Not one of us is personally responsible for the violence of the past, but we live in the wake of that past and acknowledge the global scope of colonization’s destructive impact on Indigenous peoples and their cultures. What we face here at Oakland University, in particular, is the impact of erasure committed against the Native peoples of what is now the United States of America.

This erasure was sought by colonial and U.S. policies through land dispossession and genocide (as exemplified by the Dawes Act of 1887), cultural expressions found in literature, film, and media that perpetuate stereotypes, the violence of boarding schools and the generational trauma of cultural losses that impact ongoing generations. This erasure was a fantasy of the colonial imagination because in order to get land, Native peoples had to be removed – not just from the land but from our minds.
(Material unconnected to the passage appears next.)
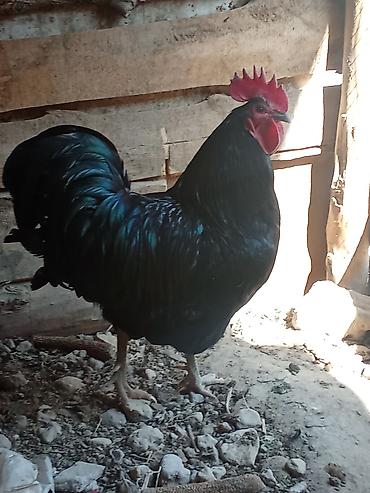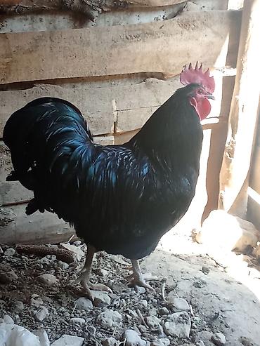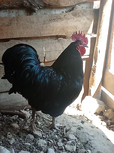 - Крупный, статный петух с насыщенным чёрным оперением с зелёным отливом.

This was certainly committed in the various removals of Native peoples from their ancestral lands. But, Native people are still here and living their lifeways, and we, as a society, can no longer continue to live the fantasy that erasure feeds or even accept erasure as a fact.

How do we build a different inclusive future? One that doesn’t rest on the assumptions and fantasies of erasure but that seeks to acknowledge and respect the lives and lifeways of Native peoples as well as the legacies of violence they carry with them into our classrooms and boardrooms and institutions.

How do we build a different cultural, political, and educational landscape that respects the sovereignty of Tribal Nations and supports, honors, and recognizes our Native communities in the ways that they articulate themselves. After all, we’re facing a global environmental and climate crisis, and it’s time we begin listening. Though they comprise less than 5% of the world's population, Indigenous people protect 80% of global biodiversity.

Oakland University’s Native American Heritage Site does just this. It addresses, fundamentally, the heart of the matter and that is access to land which offers the space to practice Native lifeways and perpetuate Indigenous knowledge and traditions. The Heritage Site is a site where Native peoples and communities can be strengthened because what is fundamental to that goal – land – has been provided here.

As we prepare to celebrate Native American Heritage Month here at Oakland, we’ll be welcoming our guests to, and hosting events out on, the land. Our goal is to gather there in a new way and begin to learn about the rich cultural heritages and traditions of Native and Indigenous people. We have so much to gain by unlearning practices of erasure and embracing new perspectives that build a different future where respect thrives in a community of shared dignity. With listening and learning, then, we can build that sustainable future.